--- Records for this task ---
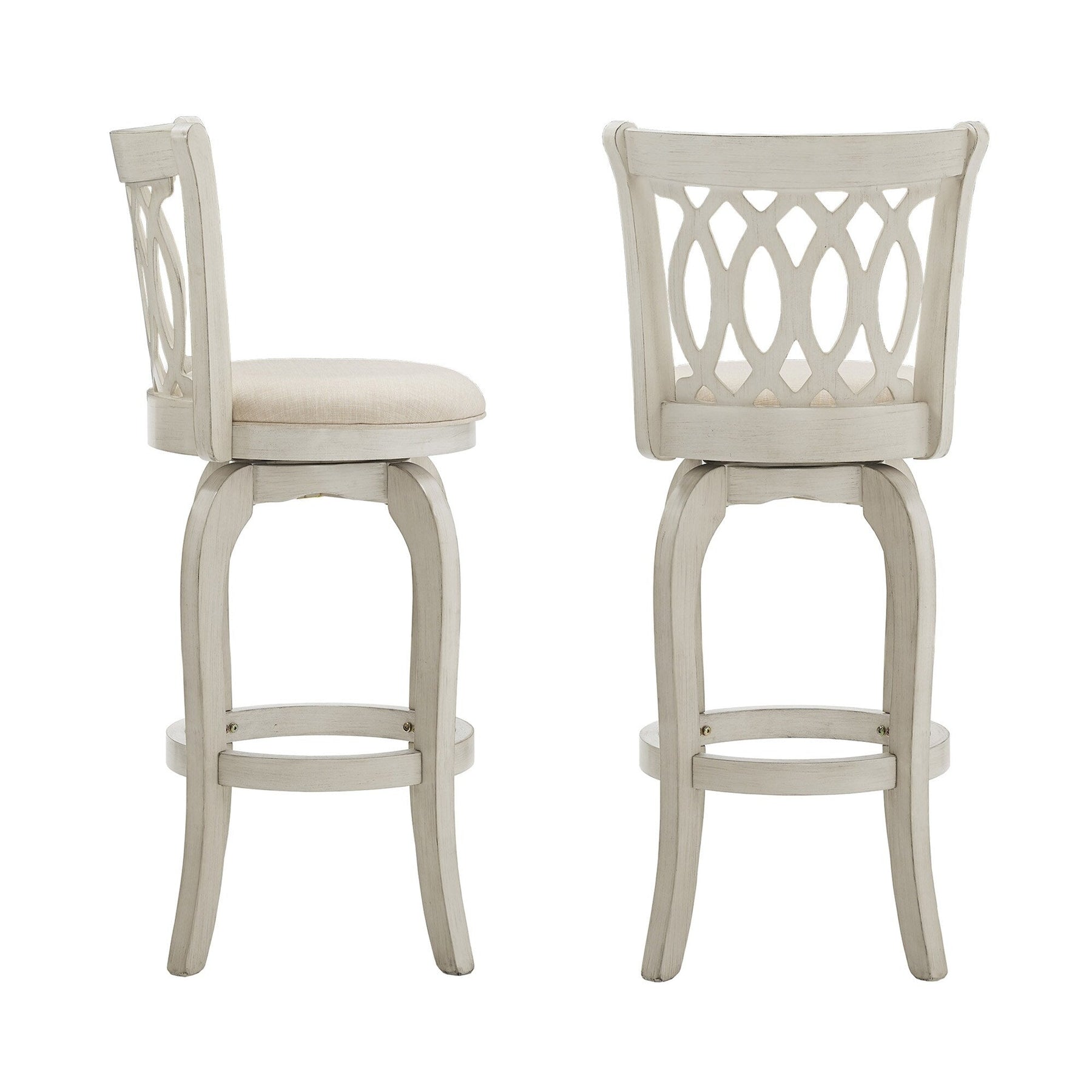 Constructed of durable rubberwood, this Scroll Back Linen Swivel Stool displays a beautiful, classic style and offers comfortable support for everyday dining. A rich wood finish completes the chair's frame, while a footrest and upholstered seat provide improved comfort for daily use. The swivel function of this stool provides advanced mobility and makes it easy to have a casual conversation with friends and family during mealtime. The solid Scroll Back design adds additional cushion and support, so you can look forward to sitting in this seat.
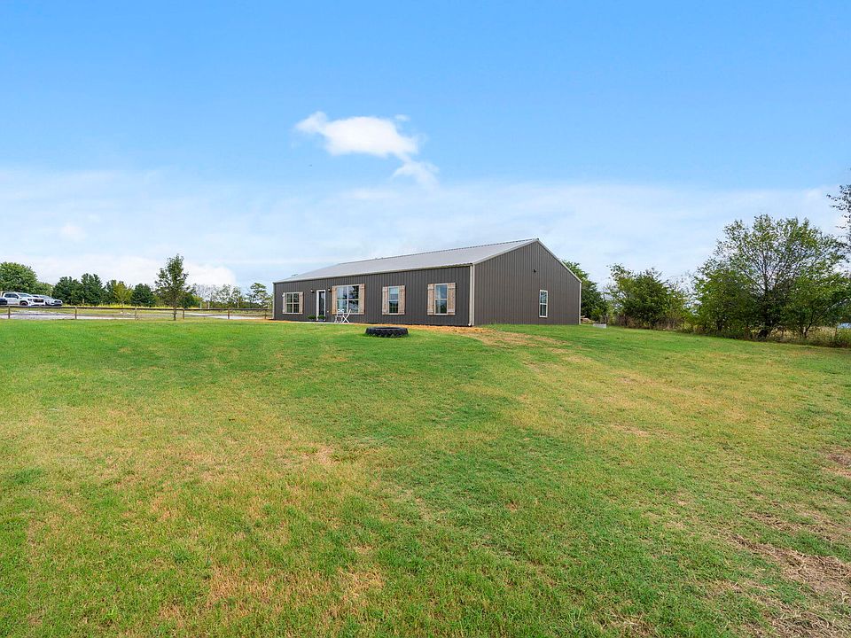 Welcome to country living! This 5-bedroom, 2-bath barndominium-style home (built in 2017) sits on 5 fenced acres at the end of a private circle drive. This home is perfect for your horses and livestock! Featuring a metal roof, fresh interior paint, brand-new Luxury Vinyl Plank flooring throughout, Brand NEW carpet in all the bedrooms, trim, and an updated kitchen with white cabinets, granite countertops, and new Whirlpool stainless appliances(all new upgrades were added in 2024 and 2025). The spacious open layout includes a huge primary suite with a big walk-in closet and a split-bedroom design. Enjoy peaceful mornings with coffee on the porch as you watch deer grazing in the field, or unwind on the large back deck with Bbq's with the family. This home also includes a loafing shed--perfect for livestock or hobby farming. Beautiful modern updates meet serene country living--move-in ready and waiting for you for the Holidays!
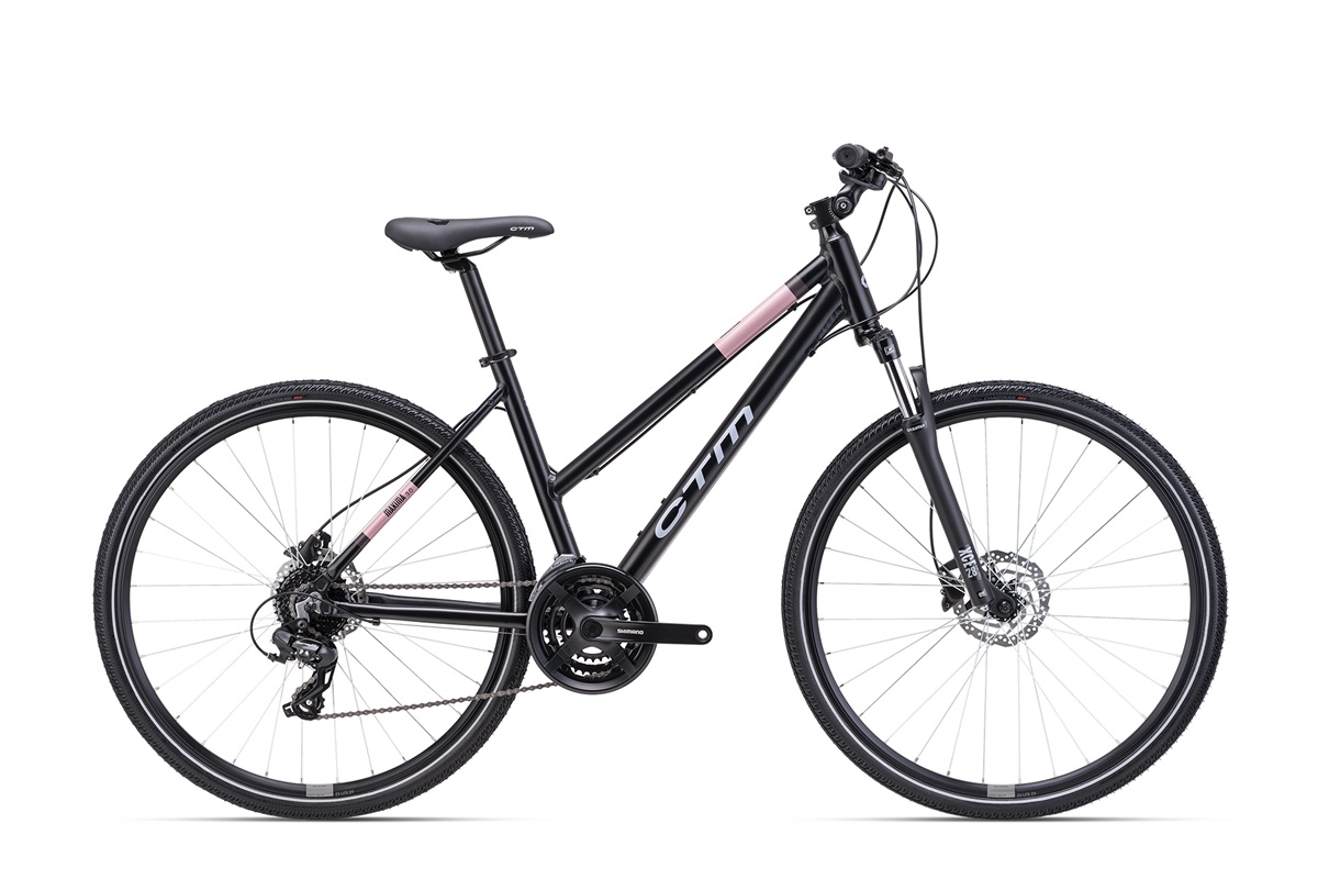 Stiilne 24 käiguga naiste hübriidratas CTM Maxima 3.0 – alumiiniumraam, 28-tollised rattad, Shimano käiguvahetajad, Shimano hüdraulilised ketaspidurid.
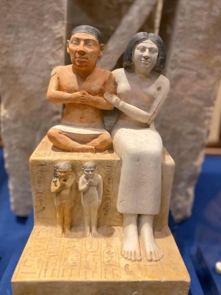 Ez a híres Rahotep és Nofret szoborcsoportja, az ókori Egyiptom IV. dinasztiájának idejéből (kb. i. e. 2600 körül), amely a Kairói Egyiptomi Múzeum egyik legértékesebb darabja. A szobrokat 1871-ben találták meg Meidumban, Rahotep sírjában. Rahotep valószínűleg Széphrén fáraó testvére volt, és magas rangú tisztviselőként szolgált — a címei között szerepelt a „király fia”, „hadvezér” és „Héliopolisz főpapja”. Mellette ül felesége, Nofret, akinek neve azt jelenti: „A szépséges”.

...

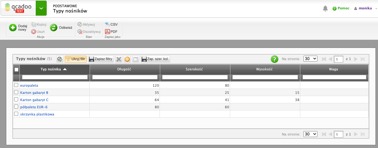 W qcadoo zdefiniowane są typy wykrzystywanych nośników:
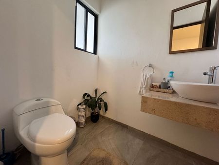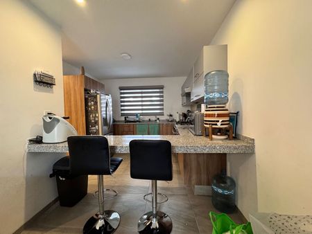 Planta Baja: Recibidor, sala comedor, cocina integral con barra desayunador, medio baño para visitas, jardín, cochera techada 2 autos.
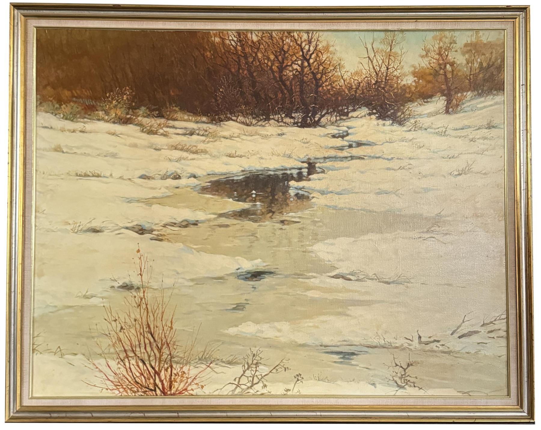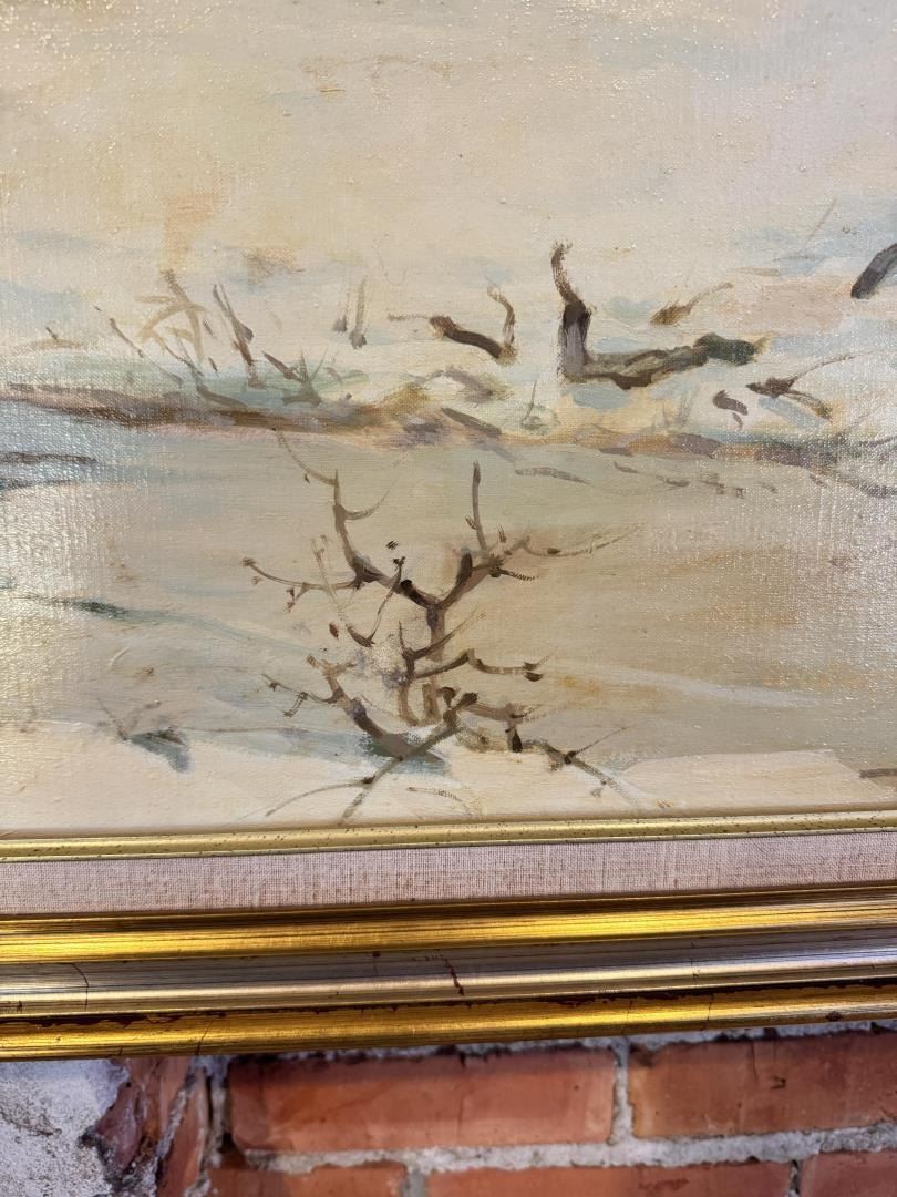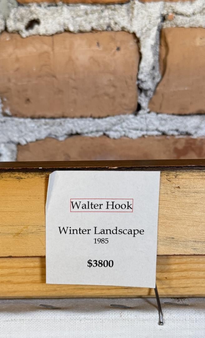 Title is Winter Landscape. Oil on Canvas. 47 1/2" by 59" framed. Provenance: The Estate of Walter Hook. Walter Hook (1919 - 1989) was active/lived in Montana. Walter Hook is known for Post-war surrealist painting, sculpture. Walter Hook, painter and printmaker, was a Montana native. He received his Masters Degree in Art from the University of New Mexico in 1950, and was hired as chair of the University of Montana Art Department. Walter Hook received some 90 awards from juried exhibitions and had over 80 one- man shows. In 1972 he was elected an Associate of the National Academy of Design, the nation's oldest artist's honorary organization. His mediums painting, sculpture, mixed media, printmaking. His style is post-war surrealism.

--- Activity ---
Out of the records above, please copy exactly the lines from the line with "Constructed of durable" up to and including the line with "Welcome to country", minus the pictures.

--- Result ---
 Constructed of durable rubberwood, this Scroll Back Linen Swivel Stool displays a beautiful, classic style and offers comfortable support for everyday dining. A rich wood finish completes the chair's frame, while a footrest and upholstered seat provide improved comfort for daily use. The swivel function of this stool provides advanced mobility and makes it easy to have a casual conversation with friends and family during mealtime. The solid Scroll Back design adds additional cushion and support, so you can look forward to sitting in this seat.
 Welcome to country living! This 5-bedroom, 2-bath barndominium-style home (built in 2017) sits on 5 fenced acres at the end of a private circle drive. This home is perfect for your horses and livestock! Featuring a metal roof, fresh interior paint, brand-new Luxury Vinyl Plank flooring throughout, Brand NEW carpet in all the bedrooms, trim, and an updated kitchen with white cabinets, granite countertops, and new Whirlpool stainless appliances(all new upgrades were added in 2024 and 2025). The spacious open layout includes a huge primary suite with a big walk-in closet and a split-bedroom design. Enjoy peaceful mornings with coffee on the porch as you watch deer grazing in the field, or unwind on the large back deck with Bbq's with the family. This home also includes a loafing shed--perfect for livestock or hobby farming. Beautiful modern updates meet serene country living--move-in ready and waiting for you for the Holidays!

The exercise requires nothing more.